#### Directions:
No pictures go in the copy; retype exactly the lines from the one with "The community spaces" through the last line of the records.

________________________

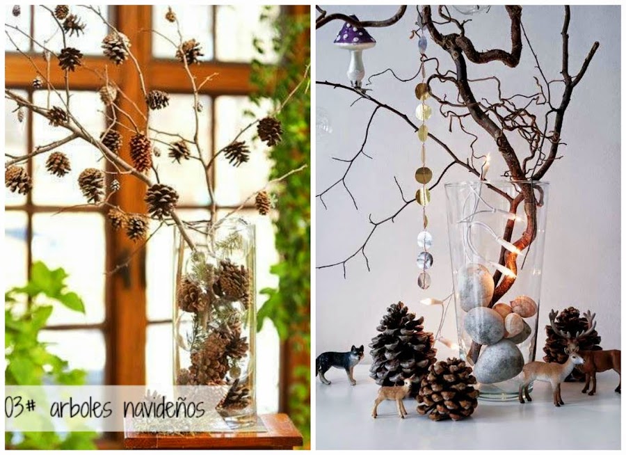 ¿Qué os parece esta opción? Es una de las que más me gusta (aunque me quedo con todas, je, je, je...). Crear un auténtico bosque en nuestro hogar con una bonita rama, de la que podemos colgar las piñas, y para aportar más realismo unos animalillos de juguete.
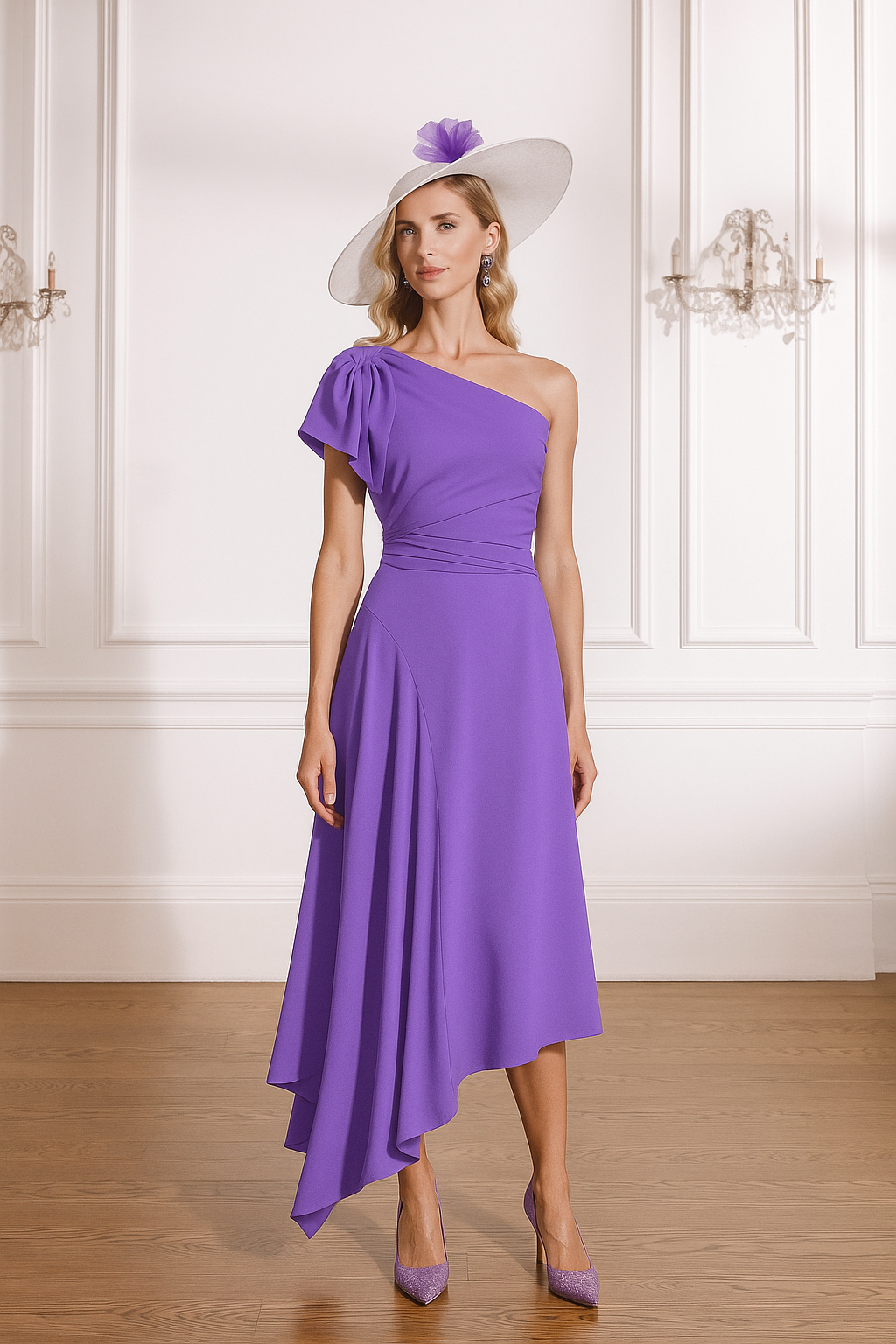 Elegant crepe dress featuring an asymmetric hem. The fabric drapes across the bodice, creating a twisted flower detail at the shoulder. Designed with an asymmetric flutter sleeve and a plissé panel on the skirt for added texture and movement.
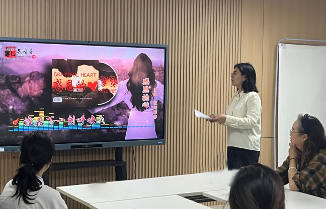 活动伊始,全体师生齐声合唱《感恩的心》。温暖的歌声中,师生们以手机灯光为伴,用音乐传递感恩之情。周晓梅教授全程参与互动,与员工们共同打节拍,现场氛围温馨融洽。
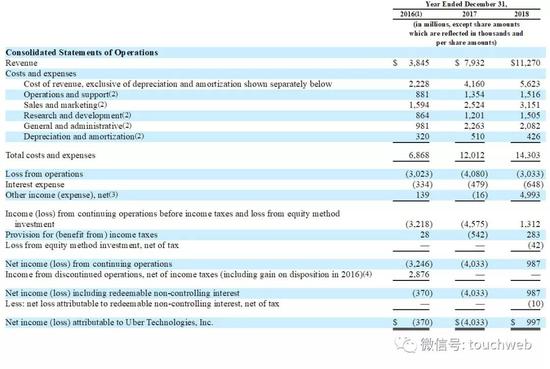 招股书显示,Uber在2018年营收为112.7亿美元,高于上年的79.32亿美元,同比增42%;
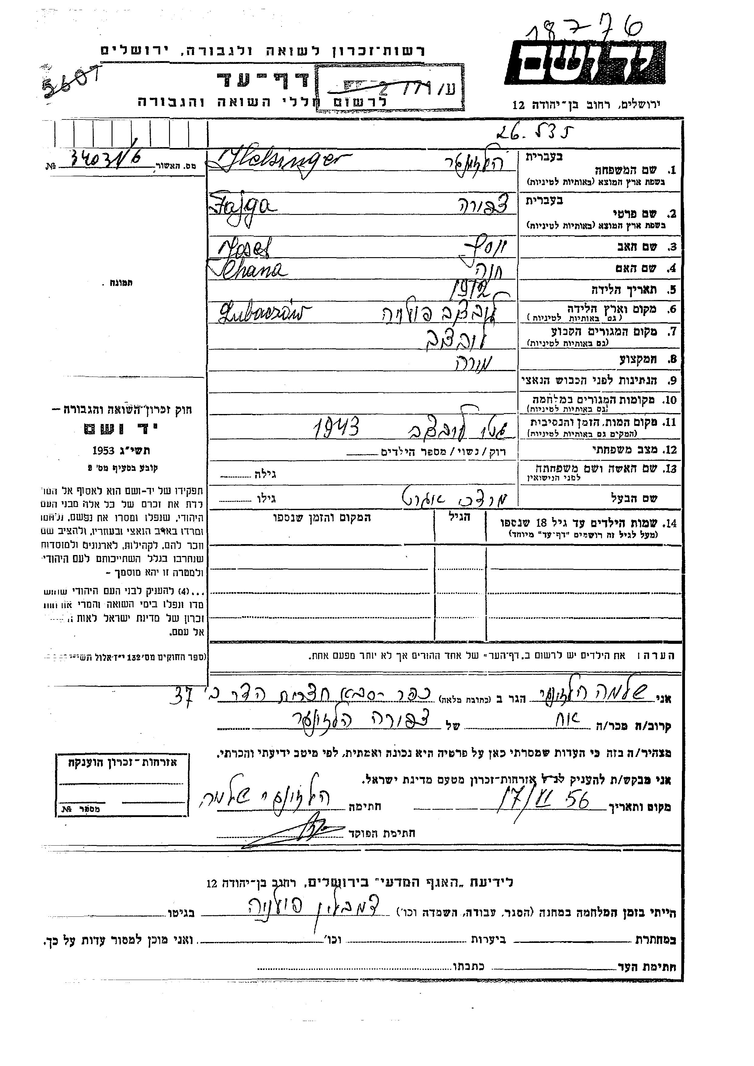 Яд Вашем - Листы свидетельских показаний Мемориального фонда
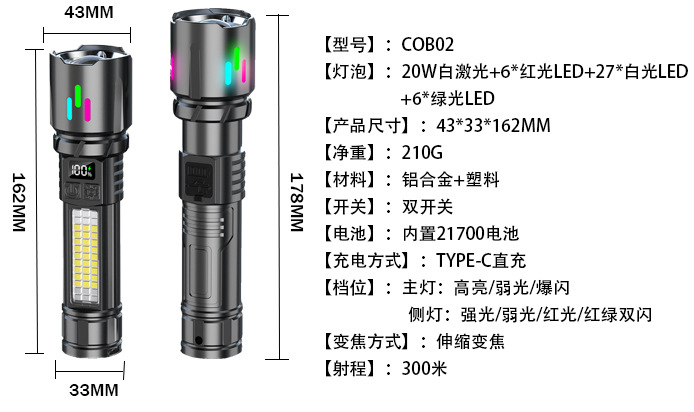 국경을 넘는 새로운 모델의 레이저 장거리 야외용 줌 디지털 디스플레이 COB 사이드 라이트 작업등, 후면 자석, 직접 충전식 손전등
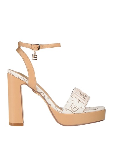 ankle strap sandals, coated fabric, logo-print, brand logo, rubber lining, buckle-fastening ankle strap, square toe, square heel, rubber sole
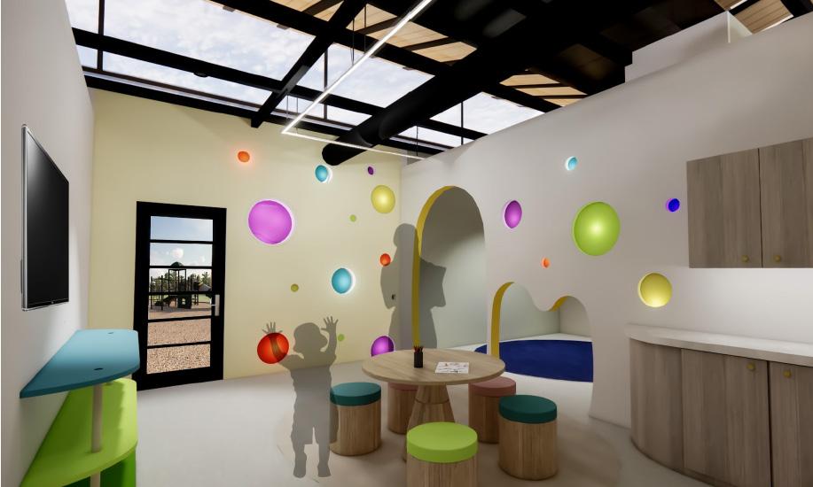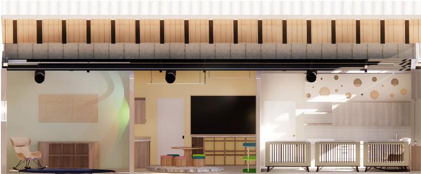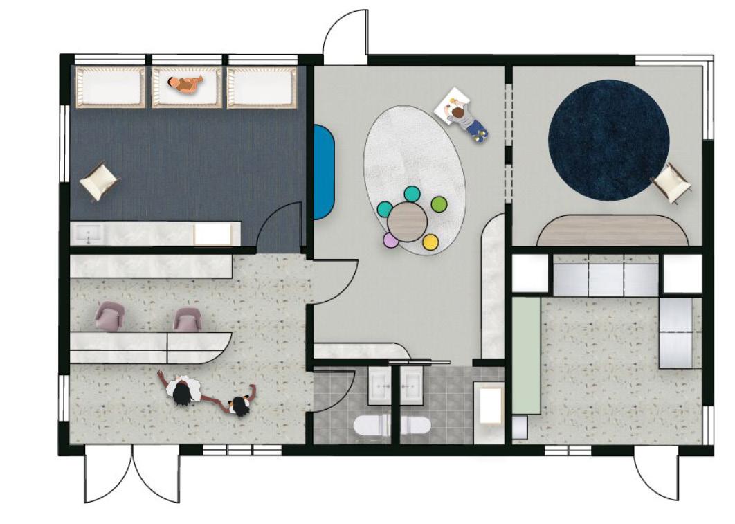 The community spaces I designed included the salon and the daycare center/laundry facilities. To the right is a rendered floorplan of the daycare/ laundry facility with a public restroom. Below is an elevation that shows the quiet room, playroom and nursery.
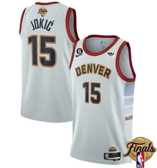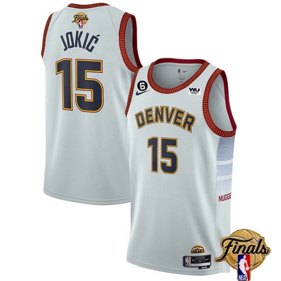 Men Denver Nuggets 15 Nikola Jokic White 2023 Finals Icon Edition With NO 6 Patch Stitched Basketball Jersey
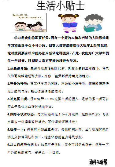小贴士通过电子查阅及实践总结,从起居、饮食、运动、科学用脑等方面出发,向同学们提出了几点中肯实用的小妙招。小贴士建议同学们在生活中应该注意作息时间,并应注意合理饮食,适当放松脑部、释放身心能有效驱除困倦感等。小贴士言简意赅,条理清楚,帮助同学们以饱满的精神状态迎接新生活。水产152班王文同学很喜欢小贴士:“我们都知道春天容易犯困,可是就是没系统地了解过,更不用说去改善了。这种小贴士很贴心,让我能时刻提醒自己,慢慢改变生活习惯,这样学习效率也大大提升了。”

________________________

#### Written response:
 The community spaces I designed included the salon and the daycare center/laundry facilities. To the right is a rendered floorplan of the daycare/ laundry facility with a public restroom. Below is an elevation that shows the quiet room, playroom and nursery.
 Men Denver Nuggets 15 Nikola Jokic White 2023 Finals Icon Edition With NO 6 Patch Stitched Basketball Jersey
小贴士通过电子查阅及实践总结,从起居、饮食、运动、科学用脑等方面出发,向同学们提出了几点中肯实用的小妙招。小贴士建议同学们在生活中应该注意作息时间,并应注意合理饮食,适当放松脑部、释放身心能有效驱除困倦感等。小贴士言简意赅,条理清楚,帮助同学们以饱满的精神状态迎接新生活。水产152班王文同学很喜欢小贴士:“我们都知道春天容易犯困,可是就是没系统地了解过,更不用说去改善了。这种小贴士很贴心,让我能时刻提醒自己,慢慢改变生活习惯,这样学习效率也大大提升了。”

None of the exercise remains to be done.